Saturday 25 February 2006

US durable goods orders fall in January

The US durable goods orders data for January look weak. From Reuters:

New orders for U.S.-made durable goods plunged 10.2 percent in January, the biggest drop in 5-1/2 years, as non-defense aircraft orders posted their largest fall since December 1998, a government report showed on Friday.

Outside transportation, orders for expensive items built to last three years or more posted their third straight monthly gain, rising a slightly larger-than-expected 0.6 percent, the Commerce Department report showed...

December orders were revised up to a 2.5 percent gain from the originally reported 1.3 percent advance...

Capital goods orders tumbled 23.1 percent, the biggest slide since July 2000, on a record 20 percent decline in non-defense capital goods orders and a 64.3 percent fall in defense capital goods orders.

Non-defense capital goods orders excluding aircraft, seen on Wall Street as a proxy for business spending, edged down 0.4 percent, the report showed...

Unfilled orders, which can signal future strength of factory production, fell 0.8 percent, the largest drop since a decline of 1.2 percent in October 2002.

If business spending is weak in the US, it isn't much better in the UK, as Edward Hugh notes. From FT:

The volume of business investment fell by 1 per cent in the last three months of 2005, compared to the previous quarter.

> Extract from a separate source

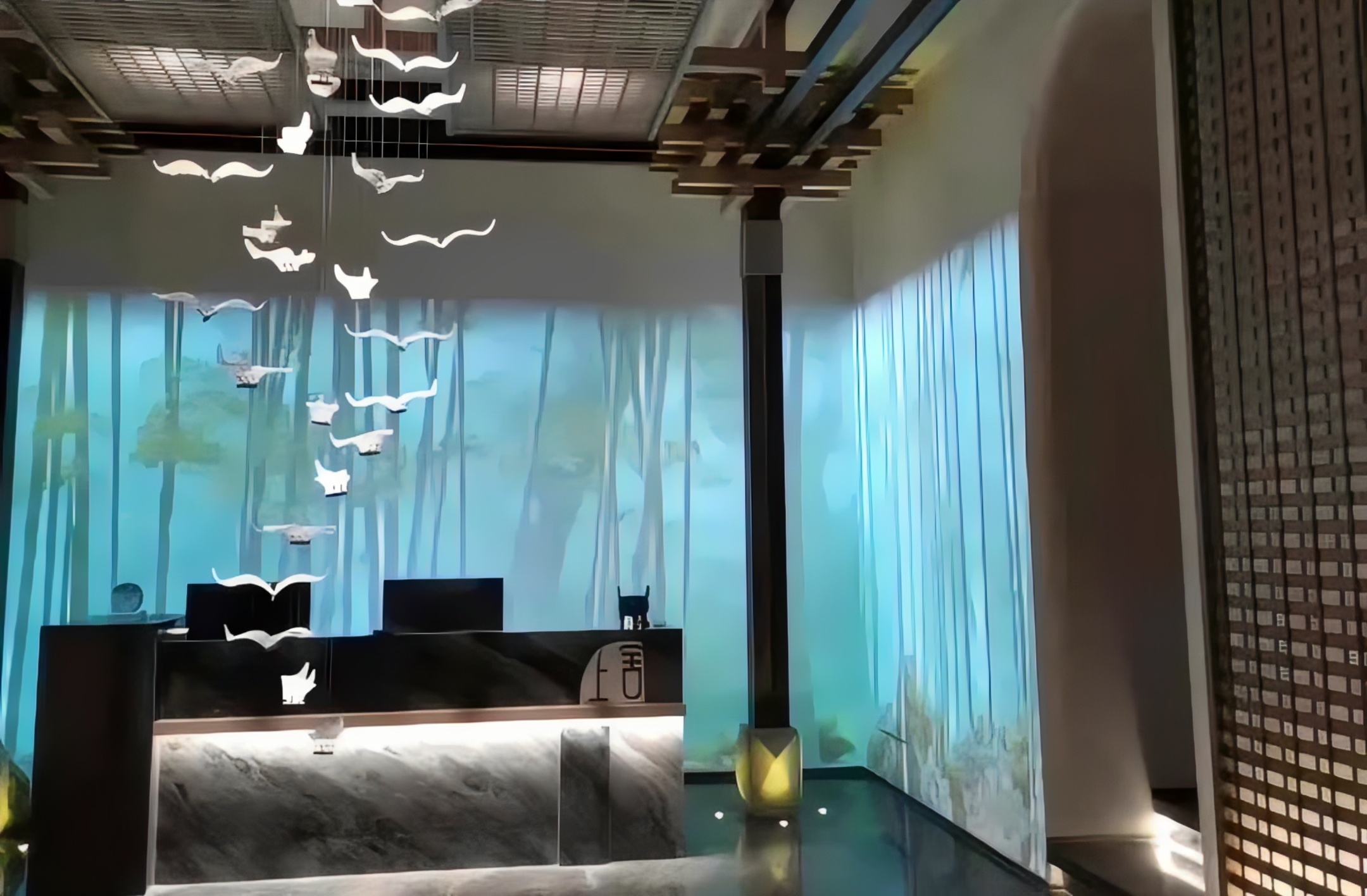 我們在考慮了現場的環境、投影的距離,決定采用四臺4500流明的超短焦的激光投影機,并配合上純硬件的融合器,很好的達到該店鋪的要求。
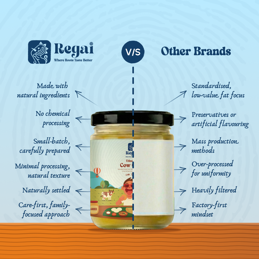 Regai A2 Cow Ghee is made from native cow milk sourced from Uthukuli, Tamil Nadu — a region long known for its ghee-making tradition. Prepared using time-tested methods, this ghee has a natural golden colour, a soft grainy texture, and a comforting aroma that instantly reminds you of festival mornings and paati’s kitchen.Made without shortcuts, additives, or artificial processing, this ghee reflects how desi ghee has been prepared and trusted in Indian homes for generations — simple, pure, and deeply familiar.

The Office for National Statistics said that for the year as a whole, the volume of business investment was £113.1bn, up 1.6 per cent on 2004, against growth of 3.3 per cent in 2004.

However, higher consumer spending helped boost UK fourth quarter GDP growth to a one-year high, reports Reuters.

The Office for National Statistics said its first estimate for GDP growth in the fourth quarter of 2005 was unchanged at 0.6 percent but that it had nudged up the annual rate a tenth of a point to 1.8 percent. Economists had predicted no revision.

Household spending rose by 0.7 percent in the fourth quarter, its fastest pace in more than a year, lending credence to Bank of England forecasts that consumers are poised to drive economic recovery over 2006.